Работа музыканта заканчивалась вместе с последним спектаклем, после чего Ганс Люсьен спешил в цветочную лавку, находящуюся недалеко от пристани, на скромное жалование скрипача покупал одну-единственную белую розу, а затем возвращался в театр, где терпеливо дожидался в просторном холле конца репетиции к завтрашнему дню. Как только открывалась дверь зала, юноша с оживленным вниманием глядел на лица выходящих, ища в толпе ставшую неотъемлемой частью его жизни девушку. При виде робко поднимающегося со скамейки юноши Тесса каждый раз радостно улыбалась, мимолетно прощалась с коллегами-актерами и спешила ему навстречу. Ганс Люсьен вручал девушке цветок, аромат которого она с упоением вдыхала, сжимая в руках, после чего молодые люди отправлялись гулять по ночному городу. Именно этого момента Иоганн Люсьен Сотрэль с нетерпением ожидал целыми днями.
Если бы даже он мог говорить, то все равно бы не сумел передать того восхитительного чувства, когда её рука едва касалась его ладони, сжимаясь крепче, если на пустынных улицах вдруг раздавались чьи-то голоса или лай собак, когда, понимая без слов, что он хотел сказать, девушка звонко смеялась, глядя в его глаза.

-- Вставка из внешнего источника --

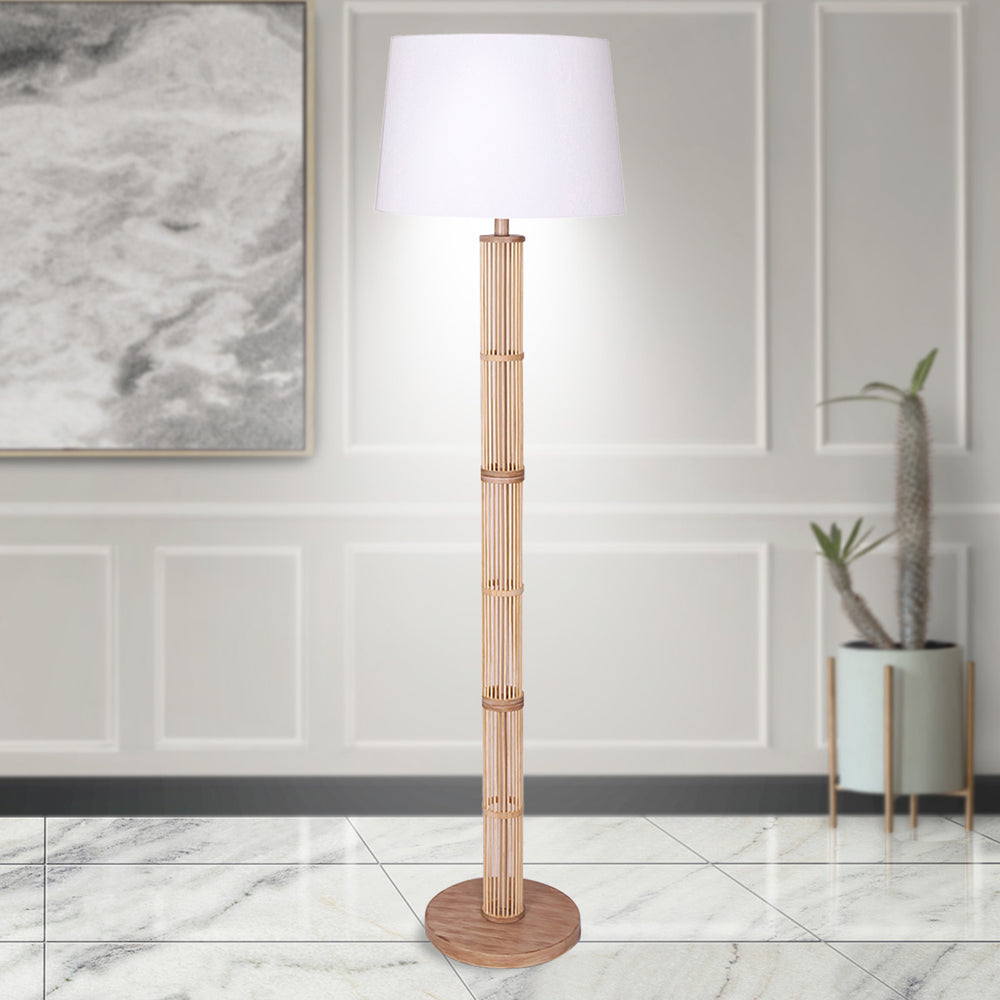 Sarantino Rattan Floor Lamp With Paper-White Linen Shade by Sarantino

Они редко «разговаривали», а точнее, не «разговаривали» вообще. Ганс и Тесса понимали друг друга без слов, между ними будто бы существовал какой-то особый вид неосязательной, неощутимой мысленной связи, который помогал выражать мысли и чувства, не придавая им формы звука. Правда иногда Тесса просила Ганса рассказать о чем-либо, тогда юноше приходилось доставать бумагу и перо и выводить свои мысли чернилами на белом полотне. Тесса всегда нетерпеливо заглядывала в листок через плечо юноши, а когда кончик пера случайно касался её острого маленького носика, улыбалась и слегка отодвигалась в сторону. Закончив, Ганс передавал девушке листок, она читала и тут же внизу, предварительно проведя небольшую черточку на середине строки, дописывала свой ответ, вопрос или просьбу.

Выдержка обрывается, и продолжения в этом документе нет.